We’ve reached the point where video games have the power to create protagonists that are every bit as compelling, believable, and empathetic as their onscreen counterparts. Recently, though, members of the gaming media have begun to point out that this newfound emotional complexity is undercut by the fact that video game protagonists, as a rule, tend to kill hundreds and hundreds of people in their adventures. It creates a sort of cognitive dissonance, because you’re basically playing as a really empathetic mass murderer. 

Before you feel too sorry for these guys, remember that the enemies in BioShock Infinite are like Sean Hannity-level racist, so it's kind of okay.

In its defense, The Last Of Us is a game about survival at all costs. Every one of the 716 brutal stranglings, beatings, stabbings, and shootings I committed was an act of desperation where the only alternative was the death of my character and the young girl he was tasked to protect. Because of that it was easy for me to forget that I had killed the equivalent of my high school graduating class two times over.

The concern I’m seeing from gaming journalists isn’t that violence is present in games; it’s that gaming as a medium is being held back by a 20-year-old game mechanic which dictates that your progress through the story is governed by how many people you can kill. They feel that video games’ sheer body count is the only thing keeping them from becoming more like movies and achieving that level of legitimacy. That's a valid concern, and I really love that this is a discussion people are having.

The thing is, while video games have taken a lot of storytelling and thematic cues from movies for practically the entirety of the industry’s existence, they’re still video games – and video games have their own unique set of tropes and conventions to abide by. 

Not all tropes are good tropes.

No critic complained that Goodfellas wasn’t split up into a few dozen chapters, nobody said The Catcher In The Rye should have been written in rhythmic, rhyming verse, and nobody but me thinks that the collected works of Emily Dickenson could be improved by a helicopter crash.
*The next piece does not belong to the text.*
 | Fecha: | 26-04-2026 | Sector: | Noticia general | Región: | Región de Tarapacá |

This is because these are all different storytelling mediums, each of which plays by its own distinct set of rules.

Video games are the only storytelling medium (short of the well respected “choose your own adventure” literary genre) that you can interact with. To keep players interested, developers have to give them a constant stream of problems to solve as they work through the story. Based on sales figures, the most popular problem to solve is, “Here are people. Kill them.”
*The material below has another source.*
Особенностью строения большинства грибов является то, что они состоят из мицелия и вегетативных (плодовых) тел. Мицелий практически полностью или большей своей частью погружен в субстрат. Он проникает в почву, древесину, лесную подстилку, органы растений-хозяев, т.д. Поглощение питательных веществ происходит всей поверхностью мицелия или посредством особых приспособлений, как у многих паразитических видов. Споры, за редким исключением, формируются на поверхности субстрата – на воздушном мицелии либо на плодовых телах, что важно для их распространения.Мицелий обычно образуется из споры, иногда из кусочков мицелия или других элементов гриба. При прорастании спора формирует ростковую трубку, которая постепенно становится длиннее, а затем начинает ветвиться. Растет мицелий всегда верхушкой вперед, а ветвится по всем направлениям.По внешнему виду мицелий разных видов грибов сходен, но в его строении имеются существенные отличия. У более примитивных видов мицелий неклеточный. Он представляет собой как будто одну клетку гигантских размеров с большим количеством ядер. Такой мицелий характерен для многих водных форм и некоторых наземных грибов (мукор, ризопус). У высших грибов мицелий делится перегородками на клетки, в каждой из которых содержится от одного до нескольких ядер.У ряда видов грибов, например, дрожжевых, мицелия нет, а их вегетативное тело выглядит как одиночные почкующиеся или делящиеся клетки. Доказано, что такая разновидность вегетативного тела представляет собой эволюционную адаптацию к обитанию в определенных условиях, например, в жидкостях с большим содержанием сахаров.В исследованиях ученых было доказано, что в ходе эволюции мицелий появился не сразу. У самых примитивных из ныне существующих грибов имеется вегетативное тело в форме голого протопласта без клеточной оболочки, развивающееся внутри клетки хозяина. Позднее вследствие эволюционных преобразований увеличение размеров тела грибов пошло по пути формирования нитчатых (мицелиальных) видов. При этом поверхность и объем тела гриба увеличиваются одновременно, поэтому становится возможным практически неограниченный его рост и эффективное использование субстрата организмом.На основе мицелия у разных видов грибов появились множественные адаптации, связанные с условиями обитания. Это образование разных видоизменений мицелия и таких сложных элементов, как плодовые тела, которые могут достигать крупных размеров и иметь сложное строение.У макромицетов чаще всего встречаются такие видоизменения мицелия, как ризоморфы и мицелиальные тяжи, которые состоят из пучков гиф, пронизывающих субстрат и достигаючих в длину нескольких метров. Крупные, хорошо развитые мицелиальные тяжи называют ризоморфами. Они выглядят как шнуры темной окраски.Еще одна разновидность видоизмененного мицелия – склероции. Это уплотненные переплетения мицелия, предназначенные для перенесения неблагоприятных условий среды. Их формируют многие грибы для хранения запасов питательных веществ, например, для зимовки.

If we’re going to compare modern video games to movies, why don’t we compare them to musicals? Because that’s their closest relative, if you ask me. Musicals tell a story with frequent breaks for everybody to start singing and dancing; video games tell a story with frequent breaks for everybody to start killing each other. That doesn’t make Singin’ In The Rain any less legitimate a work of art than Slaughterhouse-Five, and it doesn’t make The Last Of Us any less legitimate than any Academy Award-caliber movie. 

For better or for worse, people killing each other is good entertainment. You personally might not agree, but the vast majority of people who have lived certainly do. Odysseus killed more people in his adventures than Lara Croft, Bioshock's Booker DeWitt, or Joel the smuggler in The Last Of Us  – and he did it without the help of guns, crows, or a single crashing helicopter.

Truman Capps almost exclusively plays big budget shooters, which is why there is no mention here of the scores of indie and Nintendo games that have been extremely successful without violence.